I thought they were asking about flooring options for the concrete slab, since they wouldn't have much headroom when using a frost wall they don't really have much of an option to be cost effective.

Now with that said I normally recommend to clients to go with a full height foundation wall unless their foundation is only a frost wall (4' depth of footing).
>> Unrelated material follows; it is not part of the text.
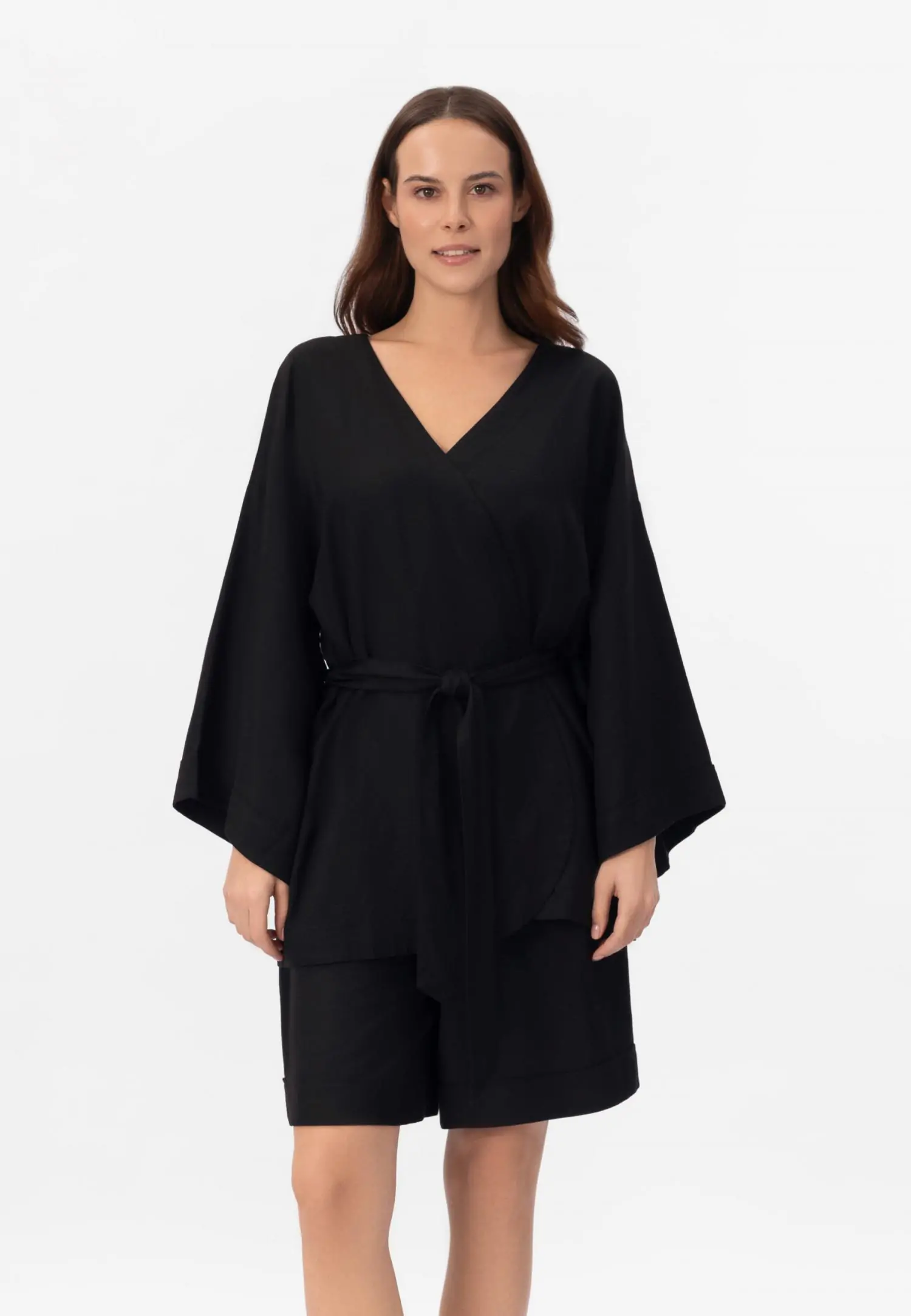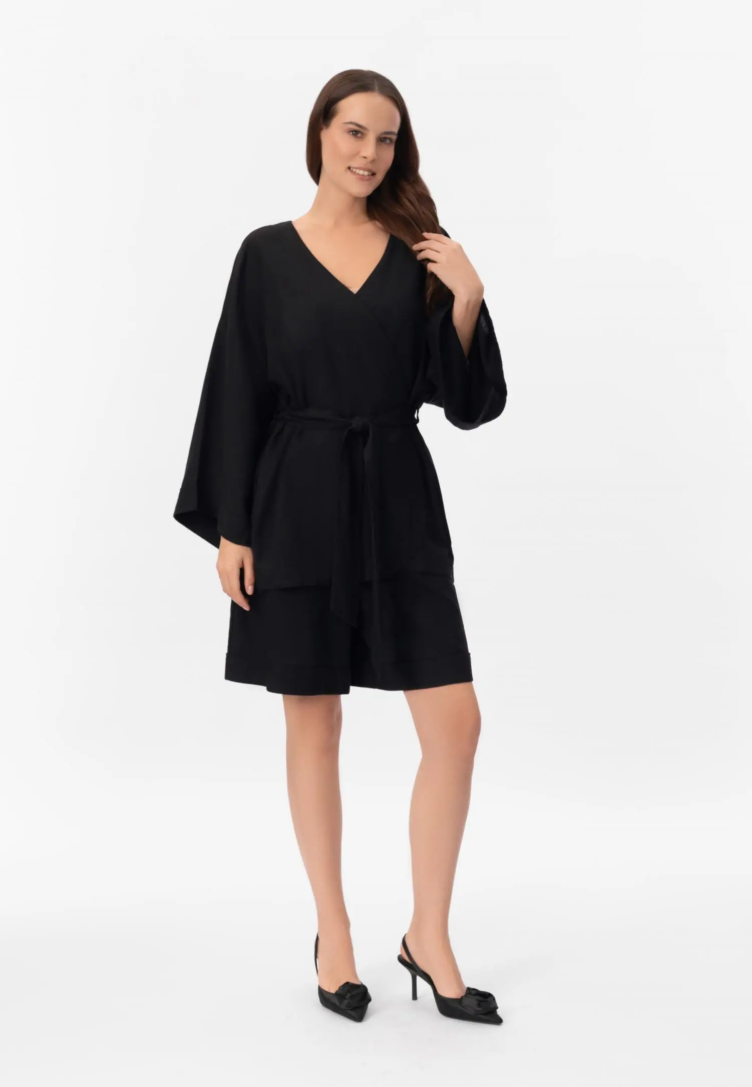 Платье-рубашка на пуговицах из дышащей, мягкой вискозной ткани. Актуальная длина миди. Закругленный подол с разрезами по бокам. Отложной воротник. Длинные рукава с манжетами на пуговицах. Длина рукава регулируется патой с застежкой. Съемный пояс с золотыми пряжками.

no I don't think you're missing anything, like I said it's more of a local term. I never heard of a frost wall until I moved to Massachusetts.


----------



## Jim McC (May 22, 2013)

MTN REMODEL LLC said:


> Gary... I'm from snow country... and a frost wall is new to me.
> 
> If I'm understanding correctly, it's sorta a half height (freeze depth) basement.
> 
> ...


----------



## MTN REMODEL LLC (Sep 11, 2010)

GBrackins said:


> a frost wall has it's footing below the frost line, in the OP's case I'm guessing it's 48" the same as in Massachusetts. I think it's one of those local terms, like the use of sonotube foundation instead of pier foundation, as you can construct a round pier foundation without using sonotube brand products.
> 
> a full height wall in my area is about 8' (7'-9" to 7-10"). a frost wall in my area typically is about 4'- to 5' in height (depends on how high the top of foundation is above the adjacent grade).
> 
> ...


:thumbsup::thumbsup::thumbsup:

Gary...What a great, informative, understandable response. Thank Ya

(You are correct... difference in terminology... didn't know it... but I've built a couple)

Best 

Peter


----------



## GBrackins (Apr 26, 2012)

I apologize Jim, I didn't realize your room was going to have a concrete slab as floor, I was thinking it was going to be wood framed.


----------



## jomama45 (Nov 13, 2008)

For me, there's 3 kinds of general residential foundations common here:

- Full basement: 7-10' high typically, with soil on the outside and clear space on the interior.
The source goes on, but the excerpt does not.